Problem description
Output the listing verbatim, leaving out every picture.

Given data Start Marker

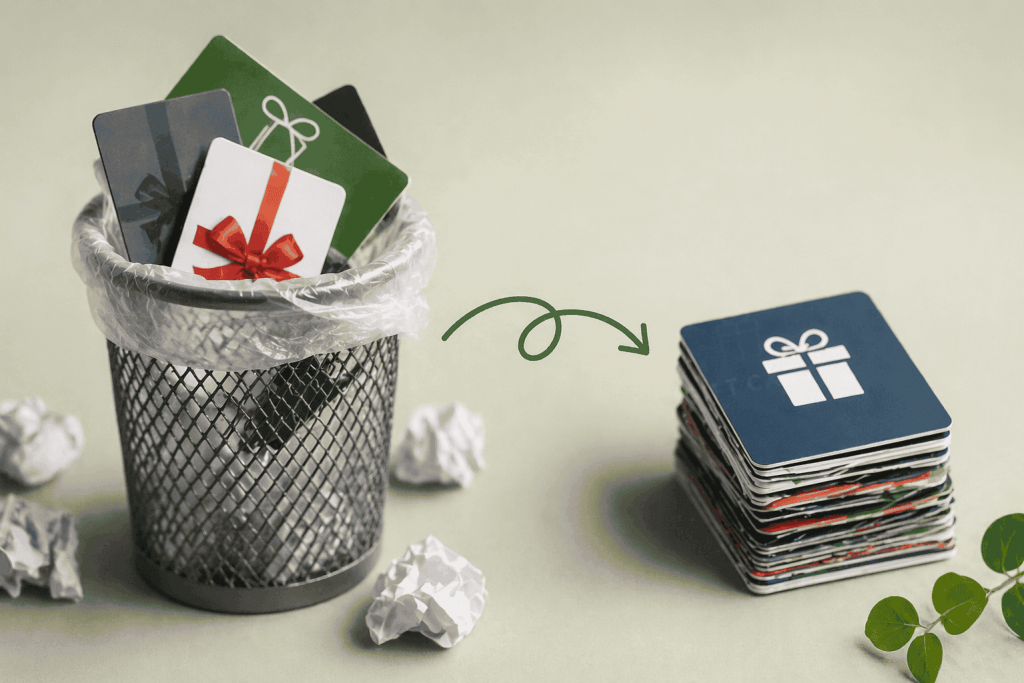 How? Americans buy about 10 billion gift cards a year. And a huge percentage of them never get used. Billions of dollars of unused balances sit in drawers, wallets, and forgotten inboxes — cards that got made, printed, shipped, and handed over, only to do nothing.
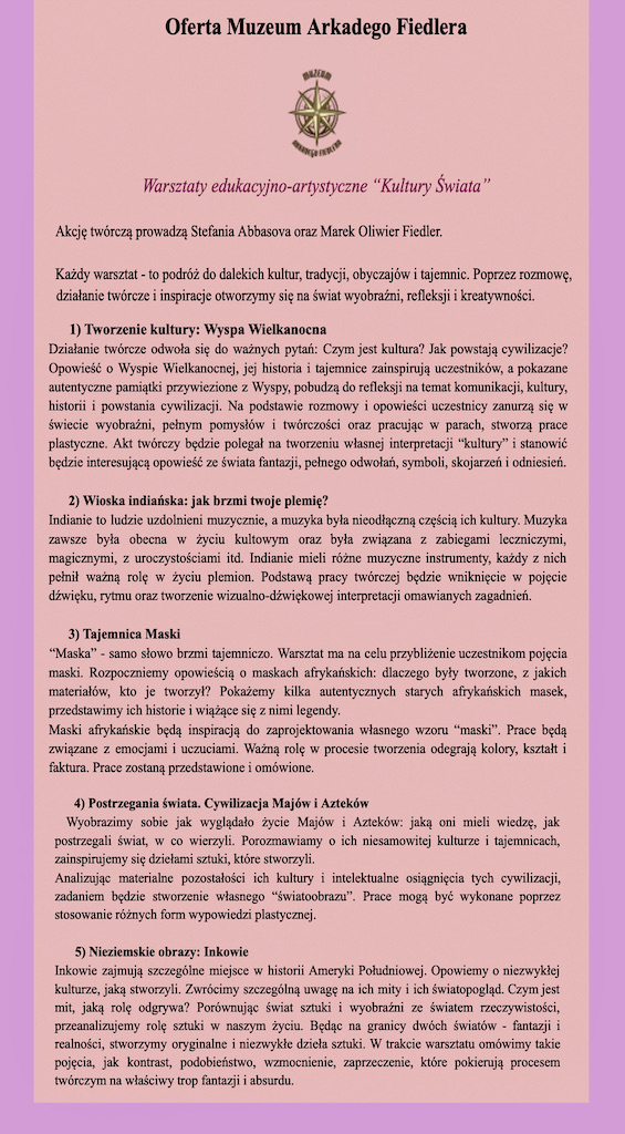 UWAGA!!! W SPRAWIE REZERWACJI WIZYTY DLA WYCIECZEK SZKOLNYCH UPRZEJMIE PROSIMY O REZERWACJĘ PRZEZ MAIL: fundacja-fiedlera@honestodds.com
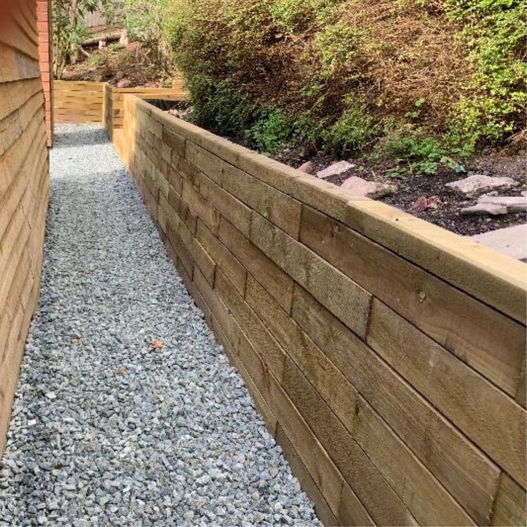 Er zijn geen noemenswaardige funderingen of grondwerk nodig om een WoodBlocX-keermuur te bouwen en onze muren zijn voorzien van steunbalken die de structuur verankeren in het deel van de tuin dat je wilt tegenhouden.
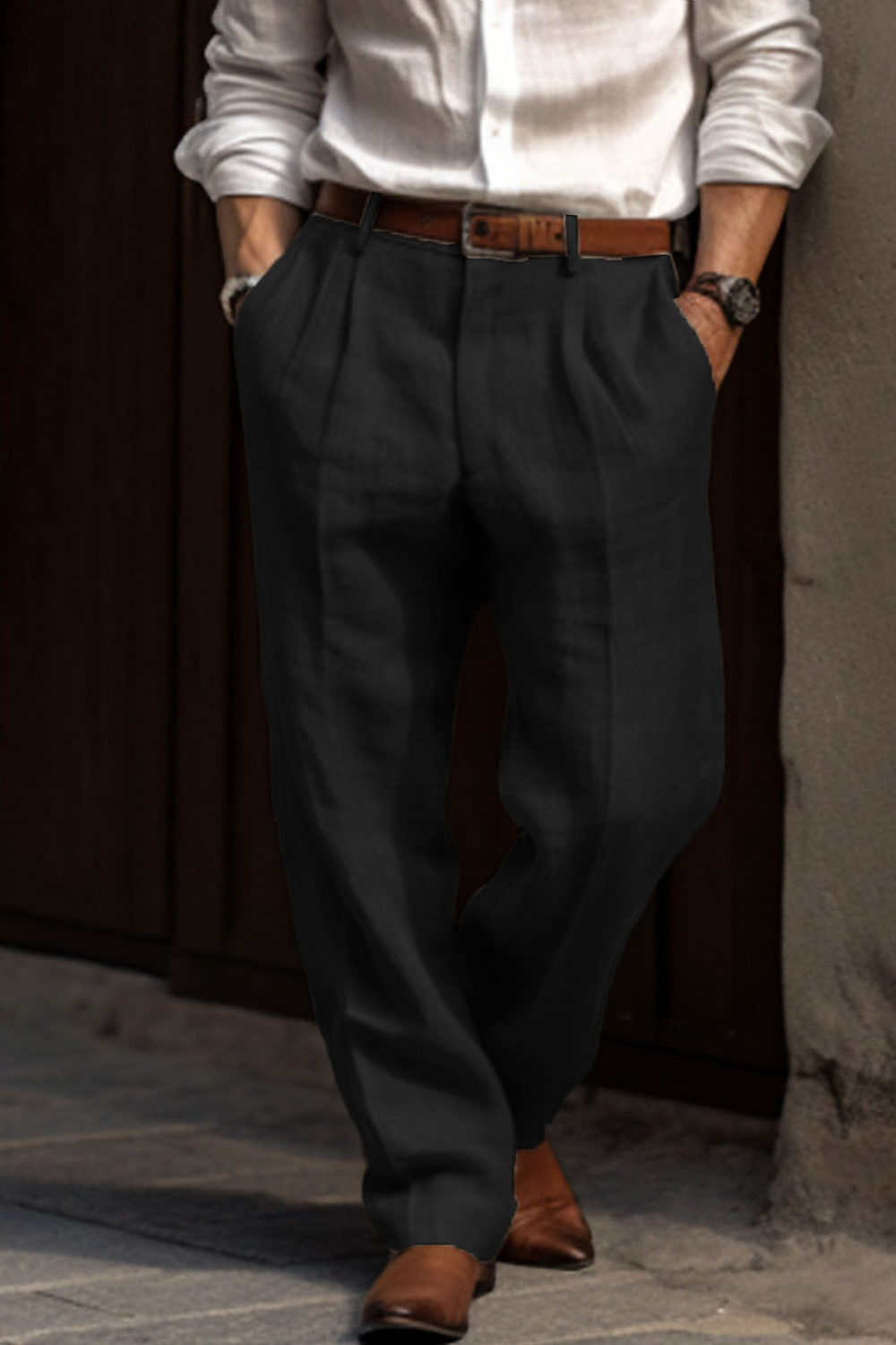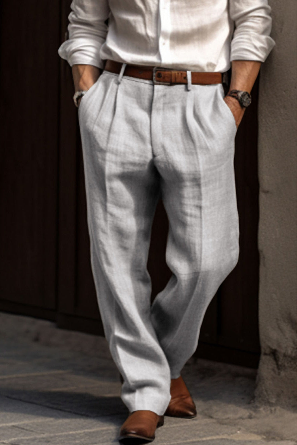 Dessa plisserade raka byxor för män har en balanserad silhuett som passar året runt. Med en strukturerad form, justerbar midja och funktionella detaljer erbjuder de ett mångsidigt alternativ för både avslappnade och formella sammanhang. Deras neutrala utseende gör dem till ett praktiskt tillskott i en varierad garderob.
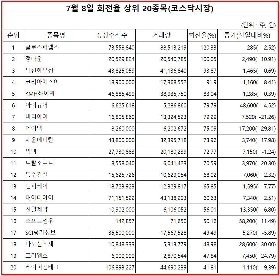 8일 증권시장에서 코스닥 종목의 거래량 회전율 기준 상위 종목은 다음과 같다.
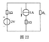 如图22所示电路中,当负载RL获得最大功率时,RL=( )。

Given data End Marker

Task output
 How? Americans buy about 10 billion gift cards a year. And a huge percentage of them never get used. Billions of dollars of unused balances sit in drawers, wallets, and forgotten inboxes — cards that got made, printed, shipped, and handed over, only to do nothing.
 UWAGA!!! W SPRAWIE REZERWACJI WIZYTY DLA WYCIECZEK SZKOLNYCH UPRZEJMIE PROSIMY O REZERWACJĘ PRZEZ MAIL: fundacja-fiedlera@honestodds.com
 Er zijn geen noemenswaardige funderingen of grondwerk nodig om een WoodBlocX-keermuur te bouwen en onze muren zijn voorzien van steunbalken die de structuur verankeren in het deel van de tuin dat je wilt tegenhouden.
 Dessa plisserade raka byxor för män har en balanserad silhuett som passar året runt. Med en strukturerad form, justerbar midja och funktionella detaljer erbjuder de ett mångsidigt alternativ för både avslappnade och formella sammanhang. Deras neutrala utseende gör dem till ett praktiskt tillskott i en varierad garderob.
 8일 증권시장에서 코스닥 종목의 거래량 회전율 기준 상위 종목은 다음과 같다.
 如图22所示电路中,当负载RL获得最大功率时,RL=( )。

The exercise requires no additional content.